Speaker
Description
Being a proposed solution for the digital boards of the upgraded LHCb RICH sub-detectors, SRAM-based FPGA devices have become widely used in high energy physics experiments. These studies aim to present the radiation hardness measurements done on the KINTEX-7 FPGA during irradiation with protons, X-rays and ions beams. For multiple values of the total ionising dose, linear energy transfer and proton energy, the cross sections of single-event-effects are estimated. We also give separate results for specific resources type: configuration RAM, block RAM, I/O banks and logic. Conclusions are reached on the radiation tolerance of this chip family in LHC environment.
Summary
The KINTEX-7 FPGA, considered the mid-range class of the 7 Series from Xilinx, is a commercial 28 nm high-K metal gate SRAM-based device which was proposed to be included in the design of the digital boards of the upgraded LHCb RICH detectors because of its price-performance ratio. An irradiation campaign was organized to test and qualify this FPGA for the radiation environment expected at 50 fb-1 integrated LHC luminosity. The test campaign includes irradiation sessions with: high penetration and high stopping power ion beams at the Legnaro National Laboratories in Italy and at the Cyclotron Resource Centre in Louvain Belgium; proton beams with different energies at the Paul Scherrer Institute from Switzerland and at the Nuclear Physics Institute in Jülich Germany; and an X-ray test at a facility from the University of Padova.

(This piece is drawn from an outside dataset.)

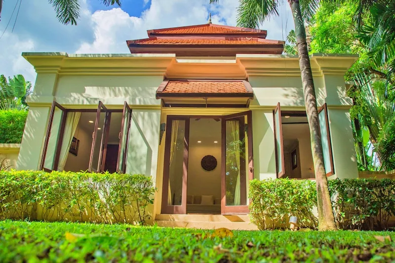 Saitaan - одна из крупнейших резиденций Пхукета. Проект состоит из 48 роскошных вилл в балинезийском стиле с крышами из красной черепицы, площадью от 450 м2, каждая от 3 до 5 спален. Весь проект выполнен в едином стиле, типичная планировка виллы - это основное здание Г-образной формы, в котором расположены гостиная, кухня, несколько изолированных друг от друга спален со своими ванными комнатами и комната горничной. В отдельном павильоне расположена гостевая спальня с ванной комнатой. В центре большой плавательный бассейн с джаккузи. бар и крытая беседка для отдыха. У каждой виллы - собственная крытая парковка. Виллы огороженыны друг от друга и абсолютно приватны. Проект буквально утопает в тропической зелени и цветах.

A custom test bench along with a DAQ system was specially designed for this kind of tests allowing us to run the FPGA in JTAG mode without any additional components like external configuration memory in order to have a realistic minimal setup which decreases the probability that the test board and monitoring system ensemble fails under radiation. Since the FPGA is designed using flip-chip technology and in order to allow the heavier ions to penetrate the dice to the bottom active layer the wafer was thinned from 250 to about 60 µm. During irradiation, the electrical parameters of the FPGA, voltages and currents, were monitored and saved for later analyses along with the CRAM mitigation report provided by the Soft Error Mitigation IP Core.

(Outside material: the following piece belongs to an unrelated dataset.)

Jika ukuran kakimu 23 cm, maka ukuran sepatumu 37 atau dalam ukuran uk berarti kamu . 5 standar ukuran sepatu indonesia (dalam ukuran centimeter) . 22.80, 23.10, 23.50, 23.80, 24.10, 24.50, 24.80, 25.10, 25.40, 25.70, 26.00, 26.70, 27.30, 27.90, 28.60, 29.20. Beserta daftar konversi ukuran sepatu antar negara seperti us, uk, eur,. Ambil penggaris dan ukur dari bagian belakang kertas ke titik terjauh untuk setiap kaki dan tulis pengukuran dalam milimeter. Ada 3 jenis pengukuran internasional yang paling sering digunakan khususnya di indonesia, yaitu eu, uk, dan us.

With ion beams providing Linear Energy Transfer (LET) values ranging from 1.3 to 32.4 MeV*cm^2/mg the FPGA was tested for single-event effects, especially the single-event latch-ups and single-event upsets, hence the calculated cross sections for both effects will be provided. With several dedicated firmwares calling specific resources like configuration RAM, block RAM, flip-flops chains, I/O banks, we have measured individually each corresponding cross-section.
Using 35 MeV and 200 MeV protons the FPGA was tested to get a maximum tolerance value for total ionizing dose and displacement damage. For single-event-effects, dedicated firmware was used to test logic with flip-flop chains, configuration RAM, block RAM and I/O blocks. The results of the device testing and its electrical characteristics during and after irradiation will be provided in this talk. A special attention was given to the I/O block ring oscillators which were tested, and I/O bank reliability will be discussed.
The X-ray tests helped us to confirm and tag the effects seen during proton tests, with most of them dependent on the total ionizing dose only.